====== Dataset records ======
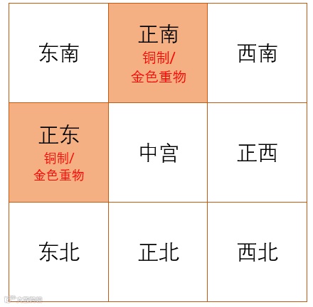 今年正南和正东分别为五黄灾星及二黑病星位,二者皆对健康不利,必须注意家中梳化、睡床及公司中的坐向是否处于这两个方向,因为在病位长期坐卧皆会容易引发大病小痛。所以,正南和正东皆要避忌动土及拜访红黄两色物品,宜放铜质或金色重物加以化解。
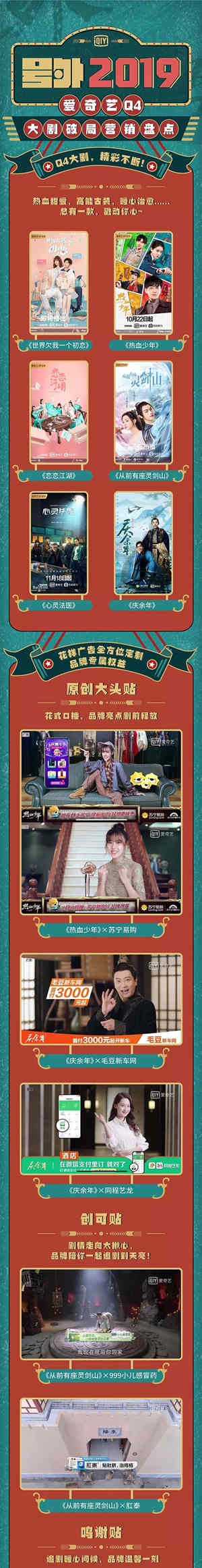 對(duì)于品牌來(lái)說(shuō),受眾的注意力在哪兒,營(yíng)銷(xiāo)的戰(zhàn)場(chǎng)就在哪兒。借助熱點(diǎn)內(nèi)容營(yíng)銷(xiāo)早已是品牌們的共識(shí),而觀眾基礎(chǔ)深厚的愛(ài)奇藝大劇IP更成為品牌熱衷的營(yíng)銷(xiāo)陣地。愛(ài)奇藝2019迎來(lái)收官之際,火爆的不止是《世界欠我一個(gè)初戀》、《熱血少年》、《戀戀江湖》、《從前有座靈劍山》、《慶余年》、《心靈法醫(yī)》等多元化題材的大劇,還有眾多品牌借助這些大劇IP在創(chuàng)意營(yíng)銷(xiāo)玩法上的有益嘗試。
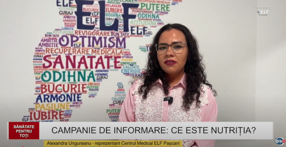 Postul local BIT TV Pașcani în parteneriat cu Centrul Medical ELF Pașcani începe o campanie de informare dedicată nutriției și stilului de viață sănătos. Timp de o săptămână, de luni până vineri, imediat după buletinul de știri, vă aducem informații esențiale pentru o viață echilibrată și sănătoasă, pe următoarele teme:
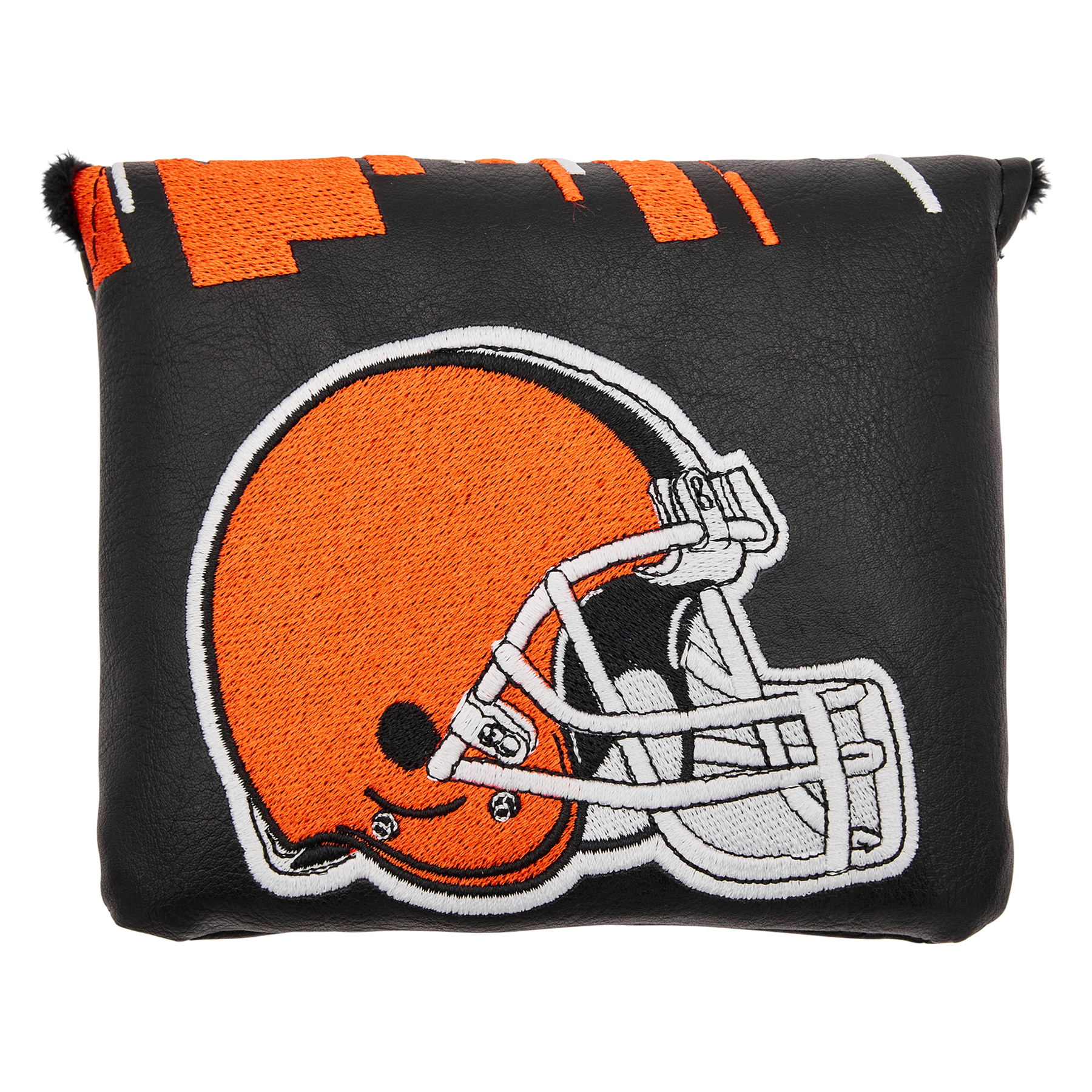 Go Browns! Show off your Cleveland pride with this digital stripe mallet putter headcover featuring a limited colorway of orange, black and white. Finished with the Cleveland Browns primary mark on the front and black plush interior with a magnetic closure. Limited quantities available. Please allow 2-3 weeks for this item to ship.
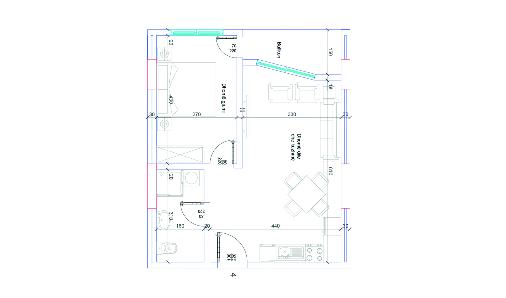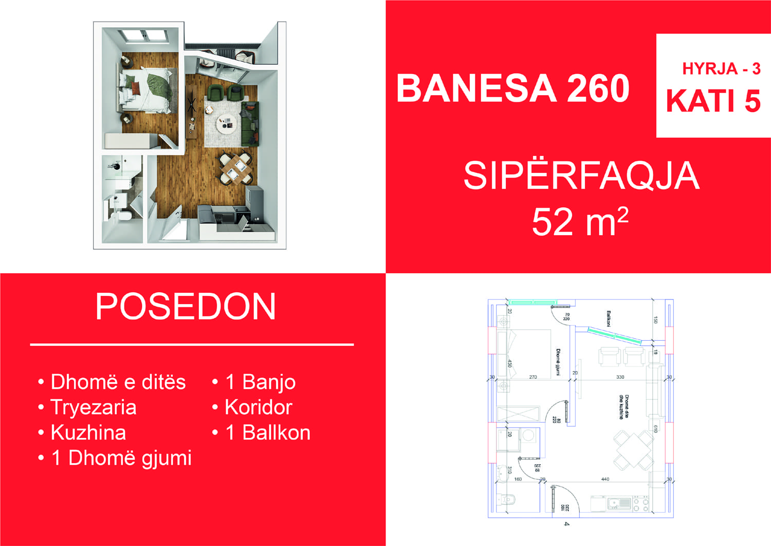 BLLOKU I RI C, HYRJA 3, KATI 5, BANESA 260, 52 m2, Dhomë e ditës, Tryezaria, Kuzhina, Dhomë gjumi, Banjo, Koridor, Ballkon.
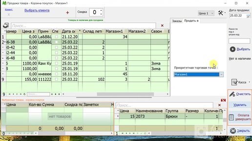 Разные схемы продаж по нескольким торговым точкам или по магазину и складу
======
*What this task involves:* The lines from the start of the data through the line that contains "對(duì)于品牌來(lái" are to be returned exactly, please, with both ends included and every picture left out.

*Solution to this exercise:*
 今年正南和正东分别为五黄灾星及二黑病星位,二者皆对健康不利,必须注意家中梳化、睡床及公司中的坐向是否处于这两个方向,因为在病位长期坐卧皆会容易引发大病小痛。所以,正南和正东皆要避忌动土及拜访红黄两色物品,宜放铜质或金色重物加以化解。
 對(duì)于品牌來(lái)說(shuō),受眾的注意力在哪兒,營(yíng)銷(xiāo)的戰(zhàn)場(chǎng)就在哪兒。借助熱點(diǎn)內(nèi)容營(yíng)銷(xiāo)早已是品牌們的共識(shí),而觀眾基礎(chǔ)深厚的愛(ài)奇藝大劇IP更成為品牌熱衷的營(yíng)銷(xiāo)陣地。愛(ài)奇藝2019迎來(lái)收官之際,火爆的不止是《世界欠我一個(gè)初戀》、《熱血少年》、《戀戀江湖》、《從前有座靈劍山》、《慶余年》、《心靈法醫(yī)》等多元化題材的大劇,還有眾多品牌借助這些大劇IP在創(chuàng)意營(yíng)銷(xiāo)玩法上的有益嘗試。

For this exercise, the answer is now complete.